Then began the winter of my discontent.
I thought I was going mad. I remember that my whole face changed. I wasn't IN my face anymore. I only realized this later, when I came out of it. I made things worse for myself. I was SO harsh with myself. I was unforgiving, brutal. I was mad at myself for coming out to play - for taking risks - for allowing myself to be put in a situation where I could be hurt again. I had been SAFE! After the Chicago Disaster, I retreated - and yeah, I was lonely, but I was SAFE! Look what the hell happens when I emerge ... I had to have been the stupidest person in the world.
During the winter of my discontent there was no logic. It was all lying in bed at night, with the wide-open eyes of a suffering animal. I was in agony.
I still can't really think about that time.
I am coming back to the Angel Cards now.
That year, in the middle of this horrible time in my life, I went to a small New Year's gathering at my friends David and Maria's house. There were only 4 of us there, all dear friends. One of them broke out the Angel Cards. I was not doing well at this point, I was not sleeping, I looked like crap, I told my friend Ann Marie that I was limping through my days "like a wounded fox". ("Wounded fox" has now become shorthand for us. "So I'm really sad right now, but I'm not a wounded fox." "Oh, that's good.") I was VERY anti-Angel Cards.
Especially because I had picked LOVE the year before. I couldn't get that out of my mind. LOVE! What a fucking LAUGH! I had to have been CRAZY to believe that I would find Love. What was I - a fucking Pollyanna? A fucking idiot? I believed it, and now look what happened - I got burnt. TWICE IN A ROW. I had to have been fucking INSANE to believe that damn card.
I resisted. "I don't want to pick Angel Cards. I just ... I don't want to this year ..."
My friends were kind and sweet. "It doesn't have to mean anything, Sheila ... it could just be a word that you can look to for guidance ... "
So I picked a card. Under protest.
What did I get?
I got Surrender.
And what did I then do?
In a fit of rage, I threw the card across the room. Tears streamed down my face. "Surrender? Jesus Christ, I HAVE surrendered - How much more do I have to fucking surrender?
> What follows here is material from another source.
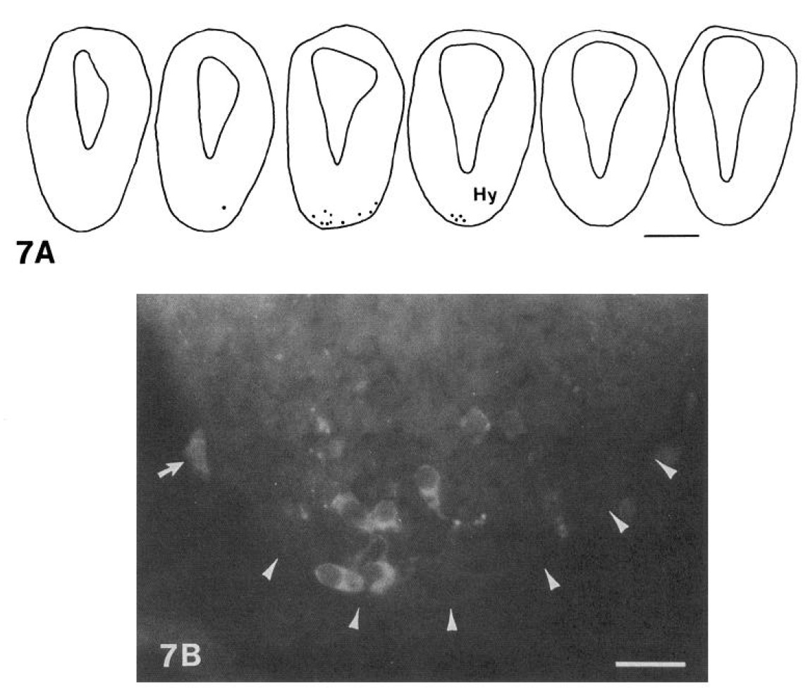 Figure 3. A, Camera lucida drawings of serial frontal sections showing the distribution of DA neurons (small open circles) in the hypothalamus

I HATE ANGEL CARDS." Ahhh ... don't you want to have ME at your New Year's Eve bash? Yeah, man, I'm a barrel of laughs.
I know I'm telling this like it was amusing ... and we do sort of laugh a bit about me freaking out about my Angel Card - sort of, but not really. That time was so bad (and I know in the grand scheme of things, having 2 breakups in a row is not too terrible, whatever - but remember: this blog is just my diary. This is a diary entry. All I can do here, all I want to do here, is tell what happened - this isn't an op-ed column, or an essay in some journal where I need to color my words a certain way, in order to be palatable to a wide readership or show both sides - what have you - I have tried to keep the self-deprecation to a minimum here. So back to the point:) That time in my life was so bad, just emotionally - not circumstantially - and I was so submerged in sadness, that although the memory of Sheila whipping an Angel Card across a room is ... to put it mildly ... comedic ... and we do reference the moment on occasion - "Jeez, remember when Sheila threw Surrender across the room and started screaming?" But when we laugh, we do so still remembering how that time was for me. My friend David said that when he hugged me good-bye that night, he felt my sadness literally coming off my skin. He said to me as he hugged me, "Sweetheart... I know ... Fuck the Angel Cards. I know."
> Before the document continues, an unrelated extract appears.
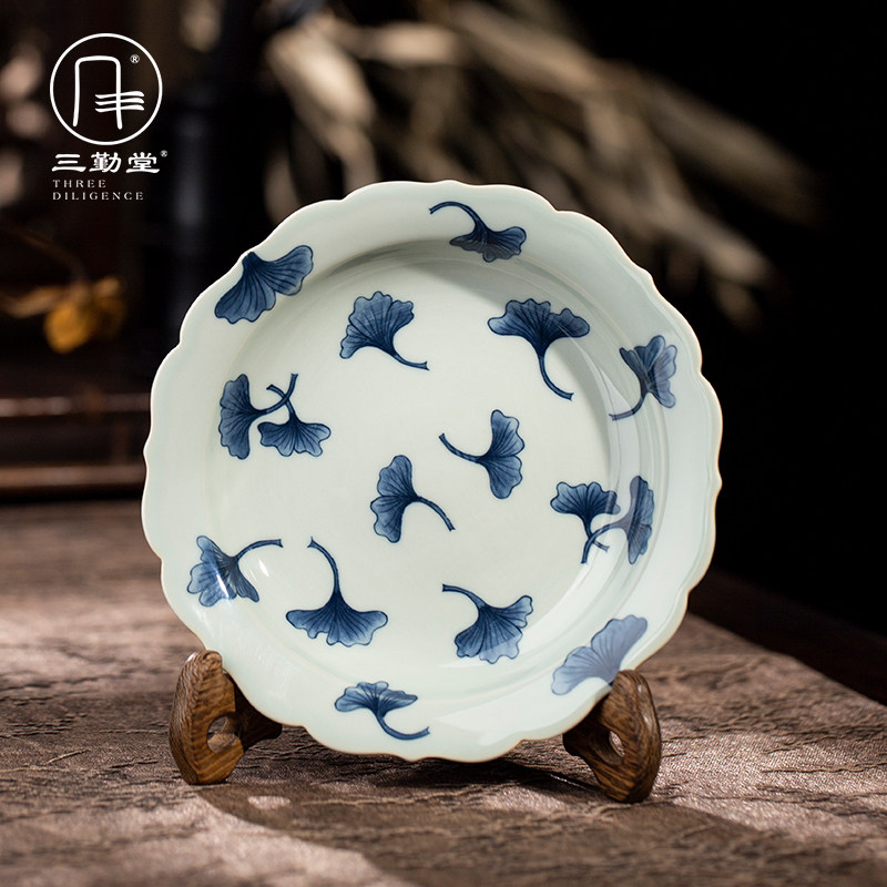 三勤堂手绘银杏叶壶承养紫砂茶壶景德镇青花大号茶点盘储水式茶台

Of course, time did its imperfect job and I got over my Irishman. Not completely since - for whatever bizarre reason - he is still a painful memory and I can't reference him casually. "Oh member when I was seeing so-and-so?" Ouch. No. So I did my best. I rigidly put him out of my mind. I joined a gym. I battoned down the hatches. I let go of sadness and I let in RAGE. I refused to write about him, think about him, reference him ... and soon he was out of my heart. Enough so that I could move on.
Funny. Only in looking back on it can I see that all of that was part of "surrender". Which, actually, I DID need to do. I needed to stop trying to control events. I needed to "surrender". God. How weird. I still feel ... all those old emotions of that time ... in writing about this. How MUCH I resisted "surrender" was exactly how much I needed to 'surrender'. But you could not have told me that at the time. I threw the damn card across the room.
Last year, my group of girlfriends had our Angel Card picking ritual. We were at the Art Bar in the Village. Liz always brings the Angel Cards, and also brings her little sheet of paper where she has all of the Angel Cards we all have picked throughout the years. heh heh I love Liz.
Another small set-up to this:
The day before I had woken up and began an essay that I wanted to post on the blog. It was brought on by seeing Something's Got to Give - one of my favorite movies. I started an essay - and it was on Trust and Patience. Basically, if there is a reason I was put on this earth, if there is a method to the madness, then I think I was put here to learn trust and patience. That is my journey. It is all about Trust and Patience. I can't trust. I have no patience. These are the themes. And Something's Got to Give is all about this.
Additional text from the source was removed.